When troubleshooting failed C5orf50 knockout experiments using CRISPR/Cas9, follow this systematic approach:

• Guide RNA efficiency validation:

  • Perform T7 endonuclease I assay to verify guide cutting efficiency

  • Consider that the commercially available C5orf50 sgRNA CRISPR/Cas9 vectors include three sgRNA targets ; test each independently

  • Use online tools to assess potential off-target effects

• Transfection optimization:

  • Verify transfection efficiency using the GFP marker included in the vector system

  • Optimize transfection conditions (reagent, cell density, DNA concentration)
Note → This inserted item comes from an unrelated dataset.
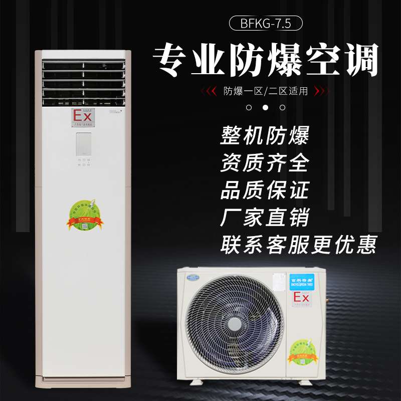 寧波防爆空調,3匹寧波防爆空調BFKG-7.5,大家對于防爆空調,可能相較于其他特種空調會稍微陌生一些,可不管大家對它熟悉與否,在某些工業場所,它都有著不可替代的位置,在石油、化工等部門的企業中,在許多存在易燃易爆場所的操作室、生產車間、倉庫需要恒溫環境才能保證正常的生產和工作。另外,爆炸性氣體環境中的工作人員也希望在一個溫度適宜的環境下工作,以提高工作效率,保證產品質量。但是普通空調在這些有易燃易爆氣體的危險場所使用,有發生爆炸的可能性,因此,在這類場所必須選用防爆型空調,防爆空調已經成為易燃易爆場所重要的設備。該類防爆產品可應用于石油化工、物流、車間、冶金、紡織、食物、生物工程、醫藥、港灣、棧房和特殊工程等爆炸性環境中,有溫度控制要求的場合;1區、2區危險氣體處所,IIA、IIB、IIC類T1-T4組爆炸性氣體或蒸汽環境。百科特奧防爆空調掛式柜式 防爆等級:ExdbibmbIIBT4Gb/ExdibmbIICT4Gb可選。

  • Consider cell type-specific protocols; hard-to-transfect cells may require electroporation

• Clone selection strategy:

  • Implement single-cell cloning rather than working with mixed populations

  • Screen multiple clones (minimum 10-20) for knockout validation

  • Consider that C5orf50 may be essential in your cell model; look for heterozygous clones

• Knockout verification methods:

  • Use multiple verification approaches:

    • Genomic sequencing of the target region

    • Western blotting (if antibodies are available)
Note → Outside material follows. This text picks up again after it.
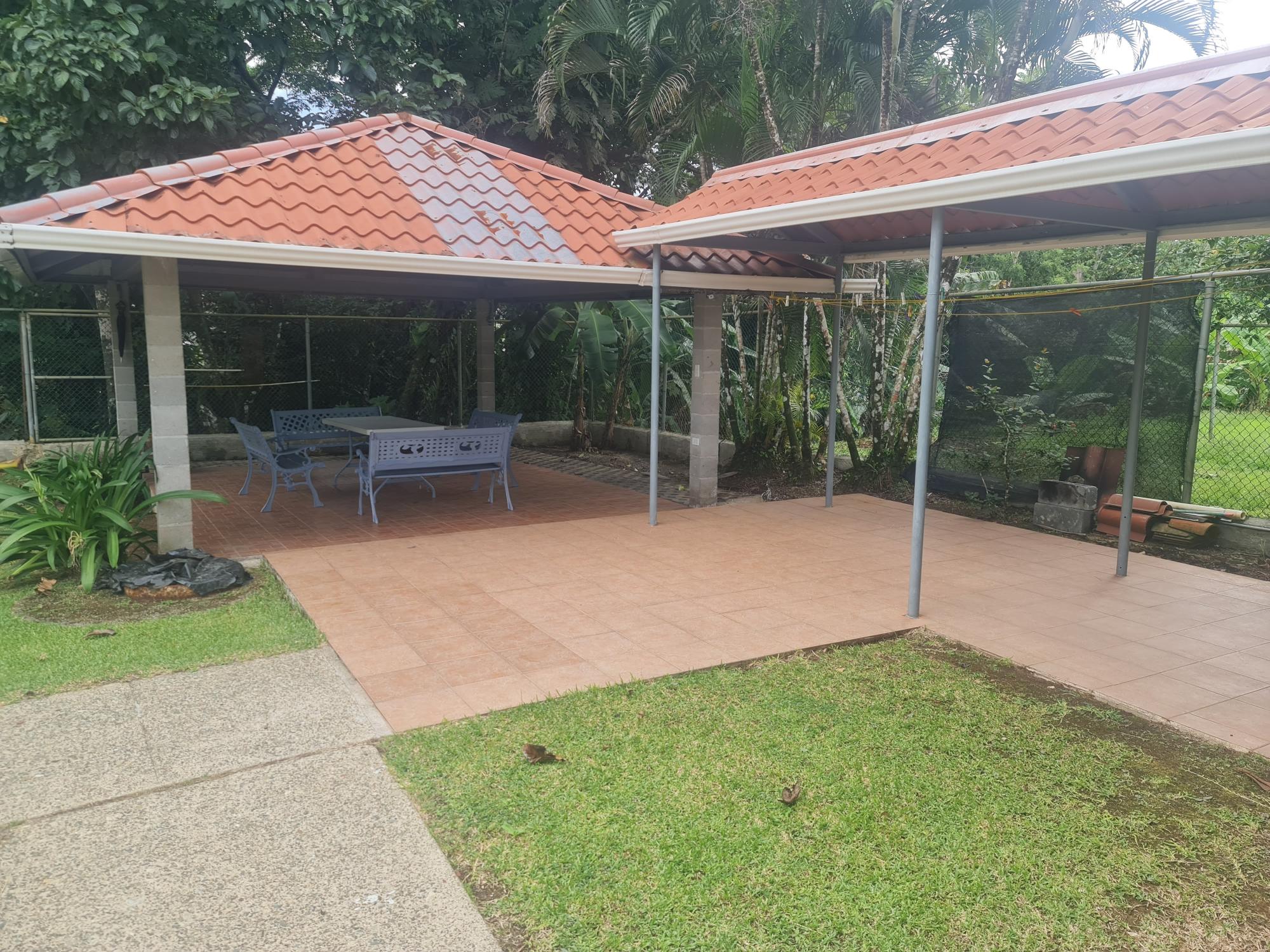La propiedad cuenta con planta baja y 2 pisos, la cual se distribuye de la siguiente manera: Primer piso: Sala, comedor, cocina, depósito, medio baño de visita, balcón frontal con puerta de vidrio corrediza con verjas de hierro. Segundo piso: 2 recámaras con closets, 1 baño completo, 1 closet en pasillo. Planta Baja: Gazebo en el patio posterior, estacionamiento abierto, lavandería techada, depósito, cuarto de empleada con 1 baño completo. También cuenta con un tanque de reserva de agua de 1100 litros con sistema de bomba, 2 tanques de gas de 100 galones y un calentador de agua y cerca perimetral de cemento y hierro.

    • RT-qPCR to assess transcript levels

    • Targeted proteomics if western blotting is inconclusive

• Addressing compensation mechanisms:

  • Consider acute knockout systems (e.g., inducible Cas9) if compensation is suspected

  • Verify expression of closely related genes that might compensate for C5orf50 loss

  • Implement combinatorial knockouts if paralogs are identified

• Technical details for C5orf50-specific troubleshooting:

  • The C5orf50 sgRNA CRISPR/Cas9 vector (Cat. No. 14587131) uses a pNV-sgRNA-Cas9-2A-GFP backbone

  • Verify that your sequencing primers flank the target site specified in the product documentation

  • Store reagents at -20°C or below as recommended

Document all troubleshooting steps methodically to inform future experimental design and contribute to the technical knowledge base for C5orf50 research.

What analytical methods are most appropriate for detecting subtle facial phenotypes in C5orf50 research?

For detecting subtle facial phenotypes in C5orf50 research, implement these advanced analytical methods:

These methods collectively enable detection of subtle facial phenotypes that might be missed by conventional measurements, critical for understanding C5orf50's role in facial development.